Menurut kuasa Tergugat I (Kejaksaan Agung RI),  dalam uraian bukti yang diserahkannya ke majelis hakim, bahwa Surat Ketetapan Penghentian Penuntutan yang dikeluarkan oleh Tergugat II (Kejaksaan Negeri Bengkulu) selaras dengan Surat Ketua Ombudsman No. 1470/ORI-SRT/XII/2015 Tanggal 17 Desember 2015 pada poin B yang direkomendasikan kepada Jaksa Agung RI selaku Tergugat I untuk melakukan penelitian  kembali dan gelar perkara terhadap laporan  Polisi No.Pol LP-A/1265/X/2012 dengan tersangka atas nama Novel bin Salim Baswedan terkait layak/tidaknya berkas perkara dilimpahkan ke Pengadilan dengan memperhatikan hasil temuan Ombudsman dalam rangka memberikan kepastian hukum dan keadilan bagi masyarakat khususnya Pelapor.

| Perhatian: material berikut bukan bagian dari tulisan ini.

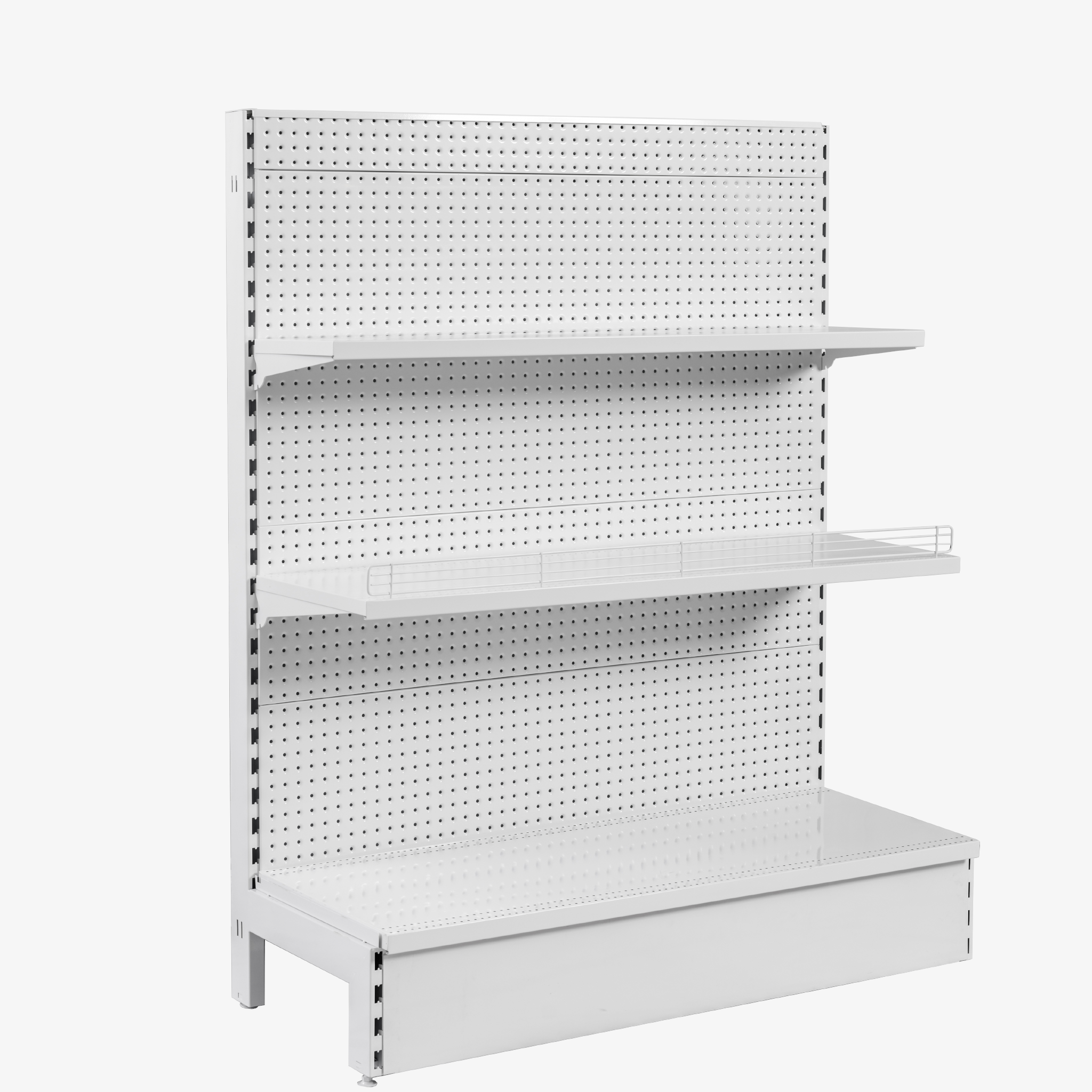 White Metal volcano board Single-sided Gondola Shelving starter bay with a front kicker included.

JPN juga mendalilkan buktinya antara lain mengatakan, membuktikan bahwa yang bertindak sebagai Penggugat harus orang yang benar benar memiliki kedudukan dan kapasitas yang tepat menurut hukum.

Pihak yang mengajukan gugatan atau tuntutan hak disebut Penggugat/Para Penggugat yakni orang atau badan hukum yang memerlukan berkepentingan akan perlindungan hukum dari dan oleh karenanya ia mengajukan gugatan.

Syarat mutlak untuk dapat mengajukan gugatan adalah adanya kepentingan langsung/melekat dari si Penggugat. Artinya, tidak setiap orang yang mempunyai kepentingan dapat mengajukan gugatan apabila kepentingan itu tidak langsung dan melekat pada dirinya, kata Jaksa, B Maria. E.E, SH, MH dan kawan kawan dalam buktinya.

Pada bagian akhir bukti, JPN mengatakan, gugatan yang diajukan Penggugat mengandung cacat formil dengan alasan: Tidak tercatat kepentingan langsung/melekat dari Penggugat terhadap perkara a quo. Kedua, tidak ada kerugian yang diderita oleh Penggugat.